*Required work*: Drop every picture, then print the rest of the listing exactly as given.

*Dataset excerpt*:
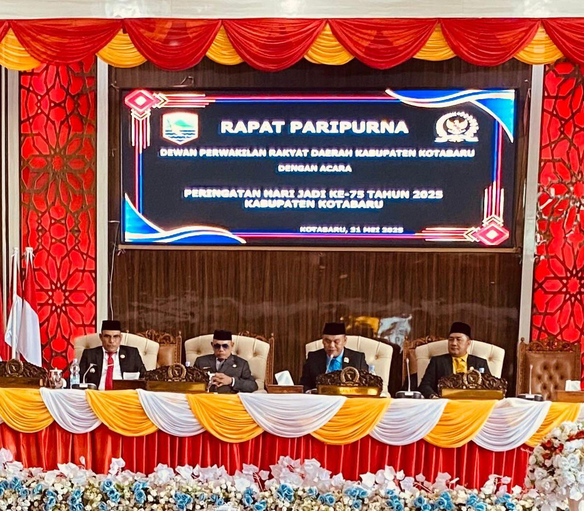 Kotabaru,KabarOnenrws.com+ Suasana penuh khidmat dan semangat kebersamaan mewarnai Rapat Paripurna Istimewa DPRD Kabupaten Kotabaru dalam rangka memperingati Hari Jadi ke-75 Kabupaten Kotabaru, Sabtu (31/5/2025).
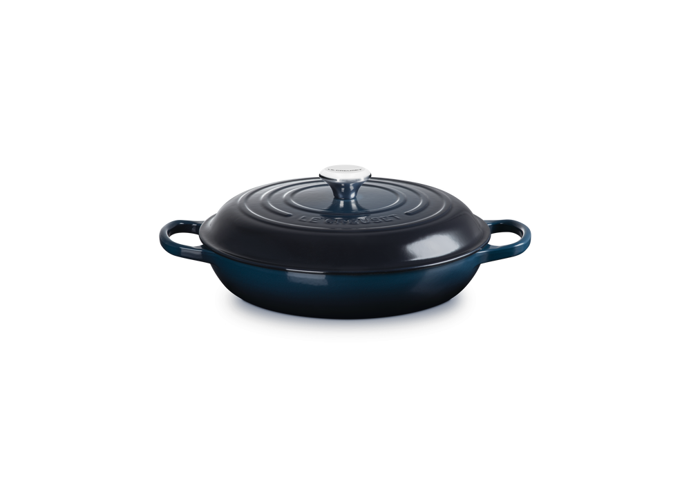 Tegame Basso Rotondo Evolution 30 diseñada por Le Creuset es una cazuela baja redonda de hierro fundido.
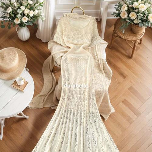 [모노무드]모노무드 아우라벨르 글램펀칭니트 시스루반팔롱원피스 베이지
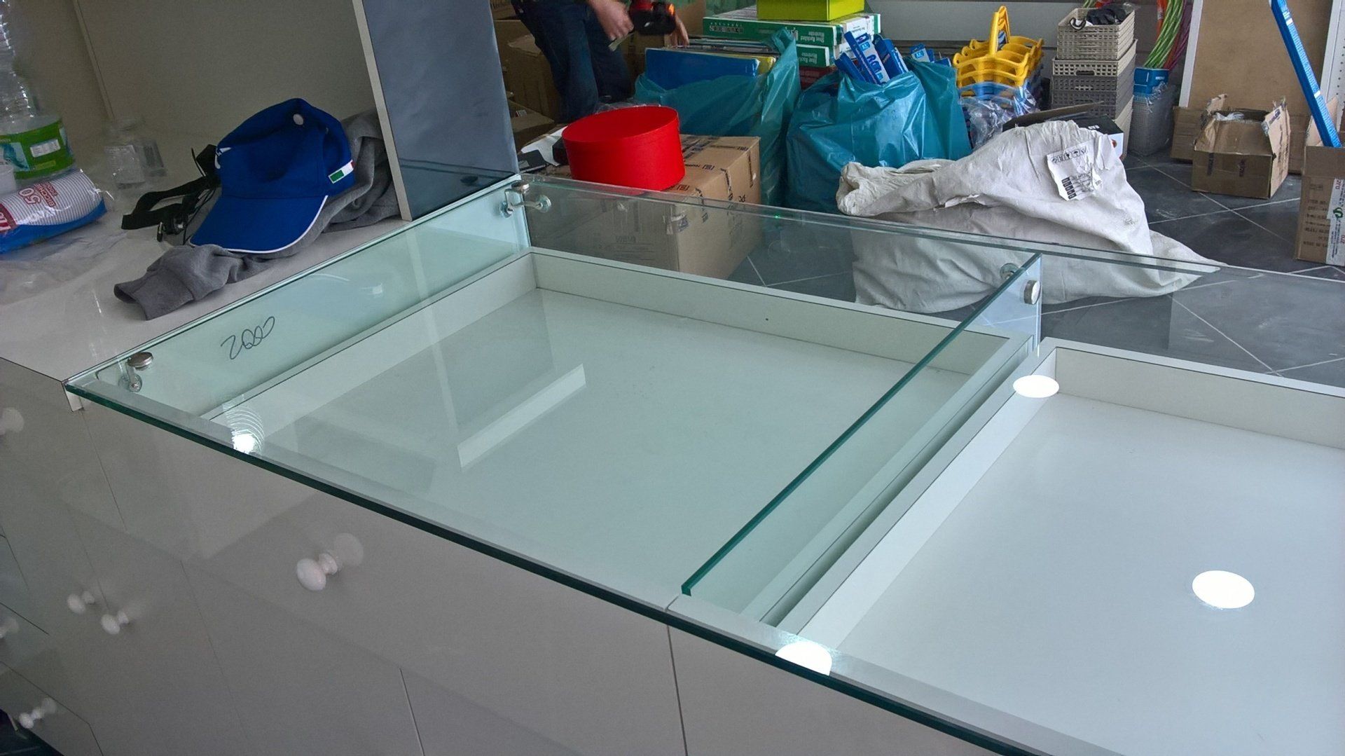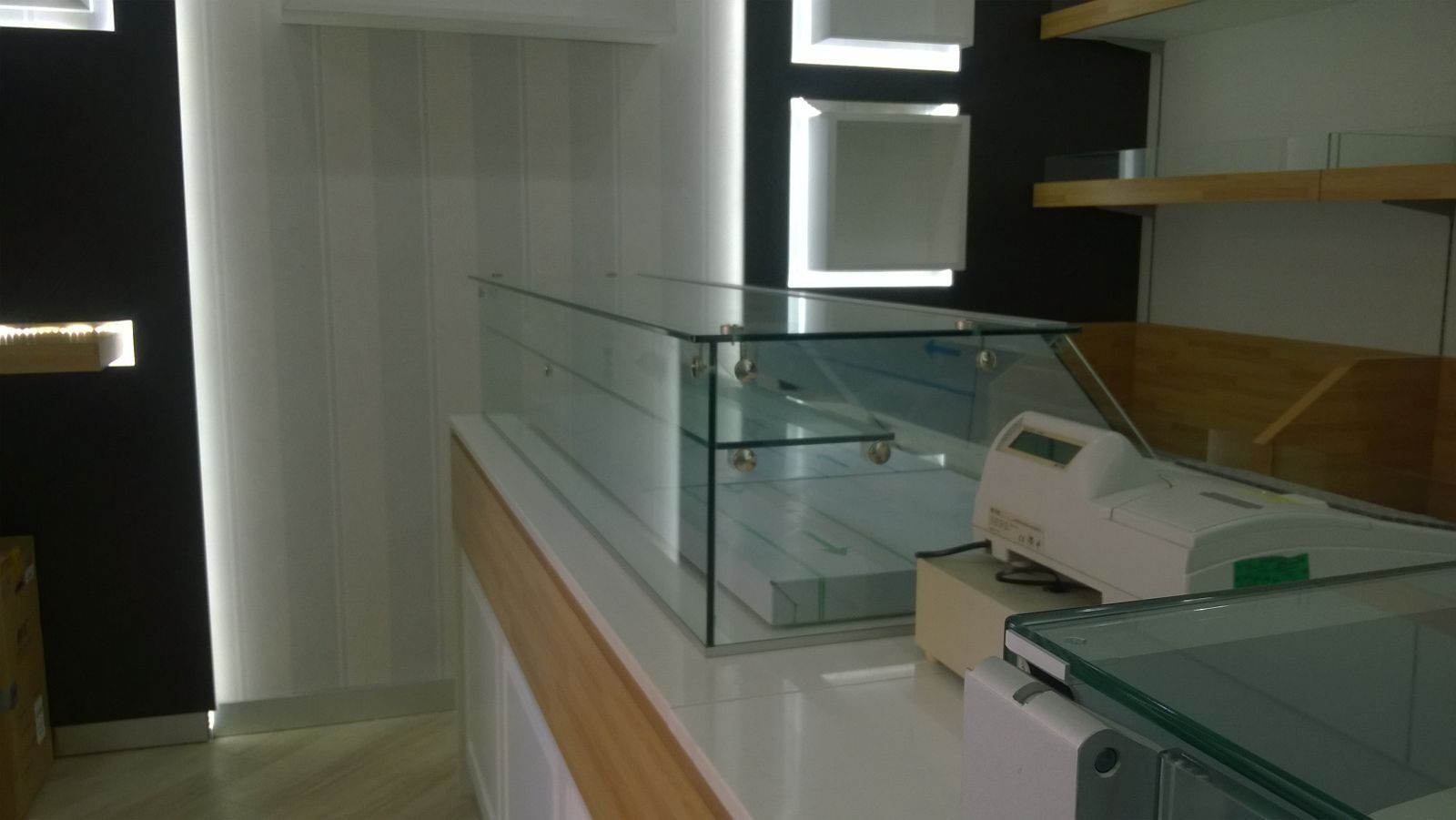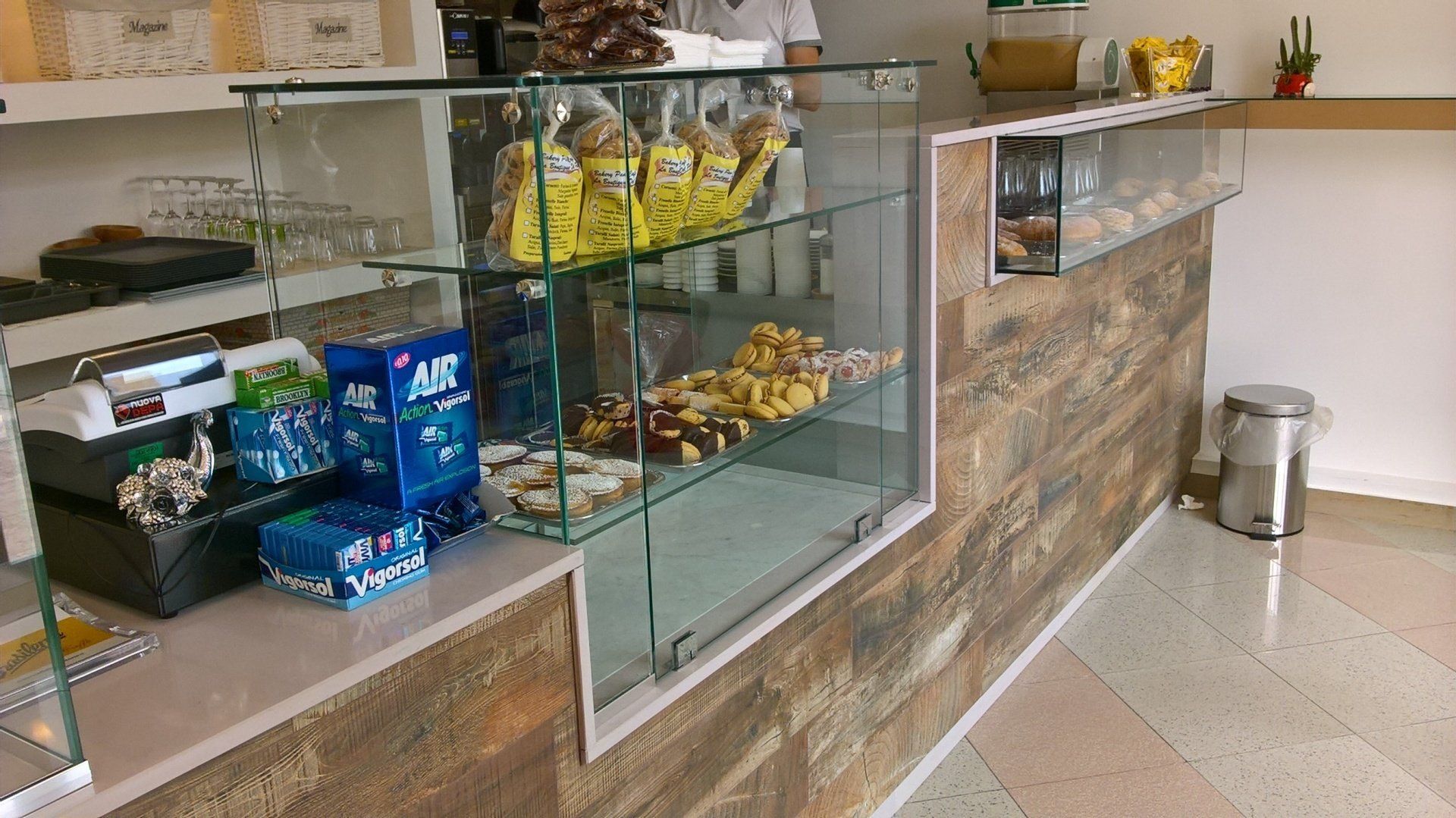 Vetrina a sbalzo per panetteria, in vetro extrachiaro 10 mm temperato, incollata con raggi UV.

*Output below*:
 Kotabaru,KabarOnenrws.com+ Suasana penuh khidmat dan semangat kebersamaan mewarnai Rapat Paripurna Istimewa DPRD Kabupaten Kotabaru dalam rangka memperingati Hari Jadi ke-75 Kabupaten Kotabaru, Sabtu (31/5/2025).
 Tegame Basso Rotondo Evolution 30 diseñada por Le Creuset es una cazuela baja redonda de hierro fundido.
 [모노무드]모노무드 아우라벨르 글램펀칭니트 시스루반팔롱원피스 베이지
 Vetrina a sbalzo per panetteria, in vetro extrachiaro 10 mm temperato, incollata con raggi UV.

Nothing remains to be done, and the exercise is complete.